■ INPUT DATA ■
== Segment start ==
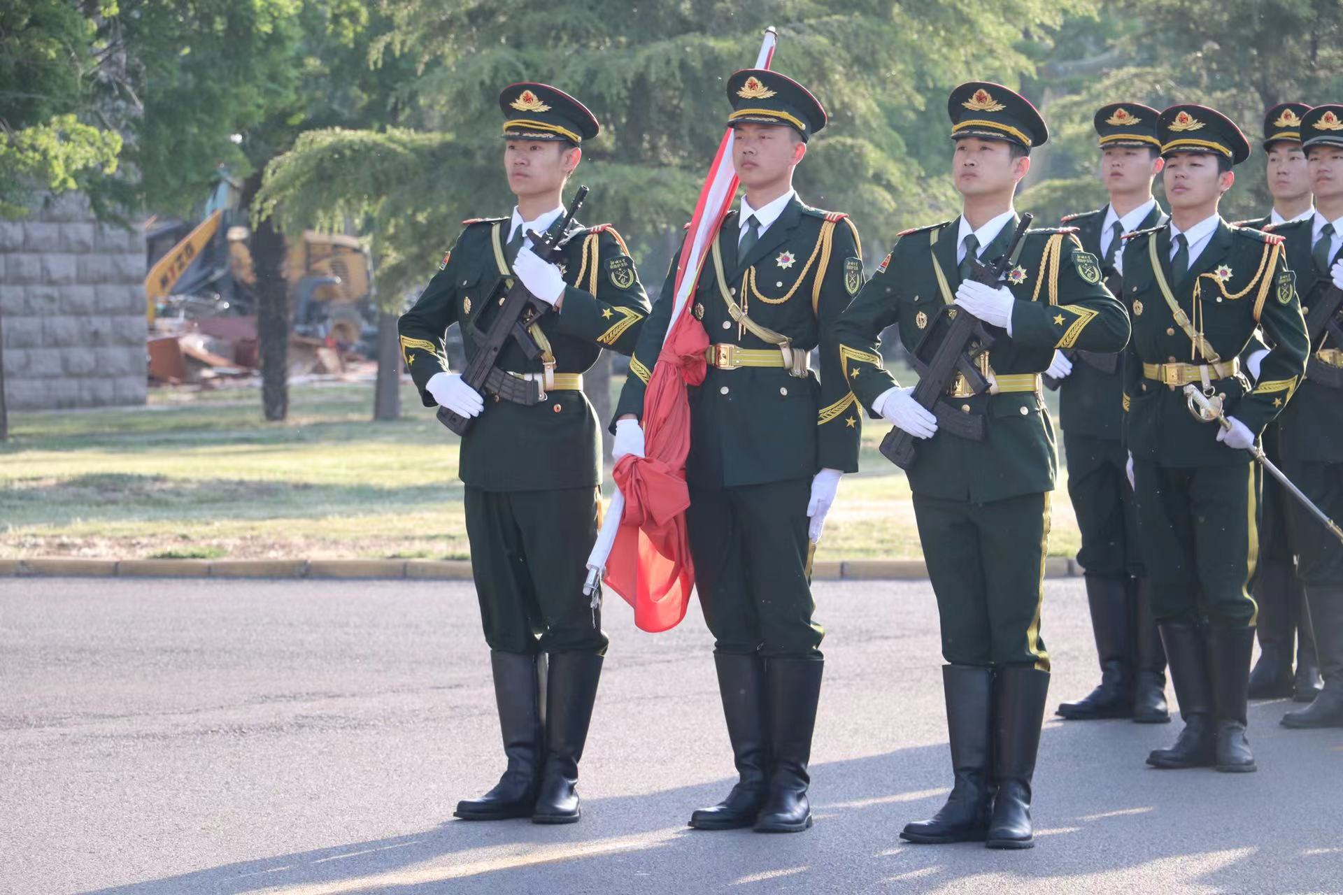 7点钟,升旗仪式正式开始,国旗护卫队队员昂首阔步、正步铿锵、气势宏大,打破寂静陈晓,护送国旗入场,《义勇军进行曲》铿锵有力的旋律鼓舞全体师生,全体肃立,行注目礼,鲜艳的五星红旗在庄严的国歌声中冉冉升起,一句句歌词,展现出高度的爱国热忱,为伟大而繁荣的祖国深深祝福!
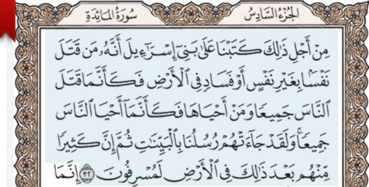 Отрывок из Корана, Сура 5 «Трапеза», аят 32. (Источник: KSU Electronic Moshaf project)
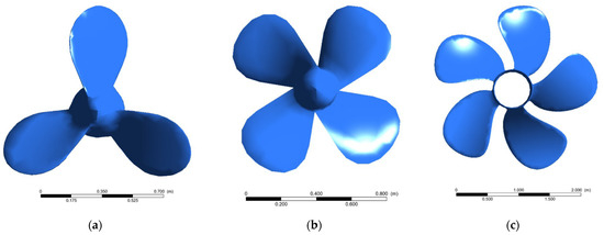 Topology of fixed-screw-angle marine propellers: (a) 3 blades; (b) 4 blades; and (c) 5 blades.
== Segment end ==
■ WORK TO COMPLETE ■
Exactly as given, set down each line of the material, but include no pictures.

■ SOLUTION TO THE EXERCISE ■
 7点钟,升旗仪式正式开始,国旗护卫队队员昂首阔步、正步铿锵、气势宏大,打破寂静陈晓,护送国旗入场,《义勇军进行曲》铿锵有力的旋律鼓舞全体师生,全体肃立,行注目礼,鲜艳的五星红旗在庄严的国歌声中冉冉升起,一句句歌词,展现出高度的爱国热忱,为伟大而繁荣的祖国深深祝福!
 Отрывок из Корана, Сура 5 «Трапеза», аят 32. (Источник: KSU Electronic Moshaf project)
 Topology of fixed-screw-angle marine propellers: (a) 3 blades; (b) 4 blades; and (c) 5 blades.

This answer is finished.